I also noticed when I had a different job where I had to spend time writing down instrument values, check amperage and voltage, etc. in a generator room that had a huge trafo in it...that trafo had a pretty loud 60 cycle hum going, and within minutes of being in that little room no matter how quick and refreshed I was going in, I was zombie. Something (for me at least) about 60 cycle that just is like a hypnosis machine.

Any tricks for long flights, straight and level flying? Change seat position, open vent, turn down heat, change power now and then, S-turns every 30 minutes?? practice stalls? Eat a sandwhich, coffee, alarm clock on telephone set for every 10 min?

What do y'all do for those long straight ahead flights?
 
In cars, long trips, I always have changed things up a lot here and there. Open a window (specially if it is cold outside), adjust the seat a little every now and then, radio, etc. Helps, but I never thought about a long flight as a pilot, being a lot like driving in Utah or something.
I've had no problems at all since abandoning sugary stuff while driving. I'll drink tea, diet soda, coffee, water, whatever. Snacks are usually carrot sticks, nuts, or something else crunchy but not sugary. I'm not diabetic, but my blood sugar does funny things sometimes if I have a candy bar or cookies. Never have had a problem while (non-airline) flying.

There were a couple of incidents on a motorcycle when I was very young and doing dumb things, but nobody'd believe me if I told them.
 
You've asserted that pilots unions are necessary to make commercial aviation safe. So I'm asking whether the pilots imagine maybe sure these pilots lose their jobs or make sure they keep them. I see airline pilots in this thread making excuses for endangering passengers and saying they'd cover up behavior that does so.
???
The unions fight for lower duty periods, more rest, and fewer redeyes.

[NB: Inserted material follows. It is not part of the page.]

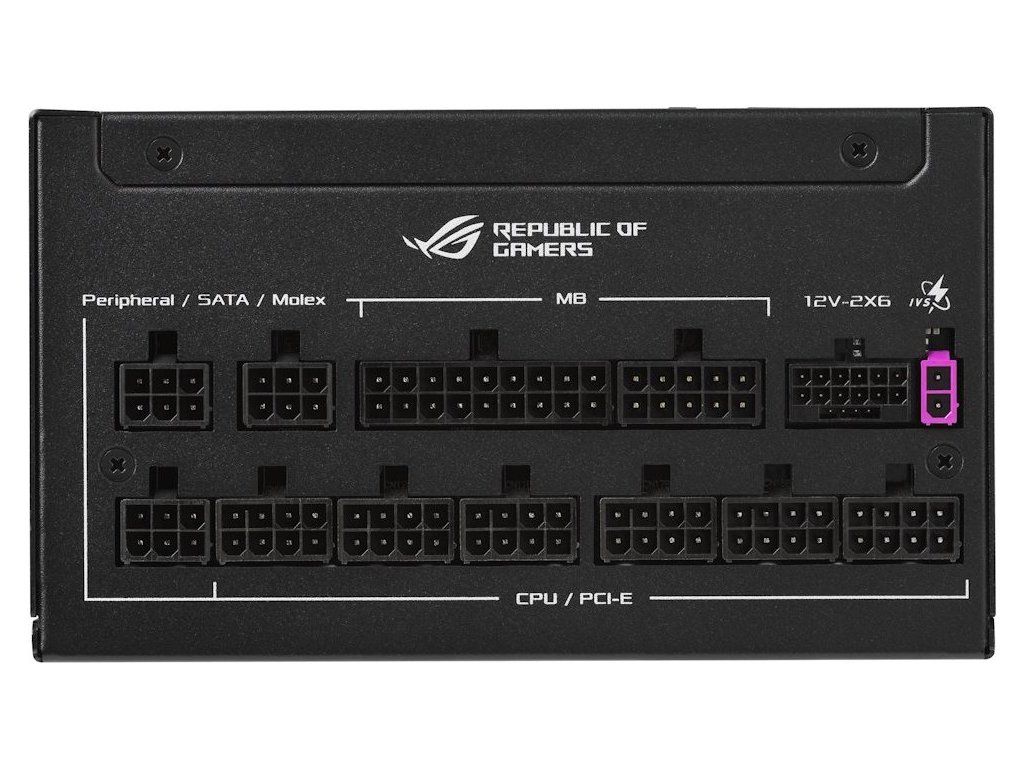 Zdroj je plně kompatibilní se standardem ATX 3.1 a disponuje nativním 12V-2x6 konektorem pro grafické karty PCIe 5.1 s výkonem až 600 W. Certifikace 80 PLUS Platinum a Cybenetics Platinum garantují špičkovou účinnost, zatímco Cybenetics Lambda A potvrzuje mimořádně tichý provoz pod 25 dB. Masivní ROG chladiče a 0dB technologie zajišťují téměř bezhlučný provoz při nižší zátěži.

I think that makes things safer. You?
 
management is responsible for disciplinary action, unions have a duty to represent the membership,

management also runs the show & are ultimately responsible & accountable for how they may go about it & what may take place,

asking a union to ensure a firing or any disciplinary action is akin to a defense lawyer acting in any way against a client
Exactly why a union is necessary in aviation.
Management disregards things such as fatigue.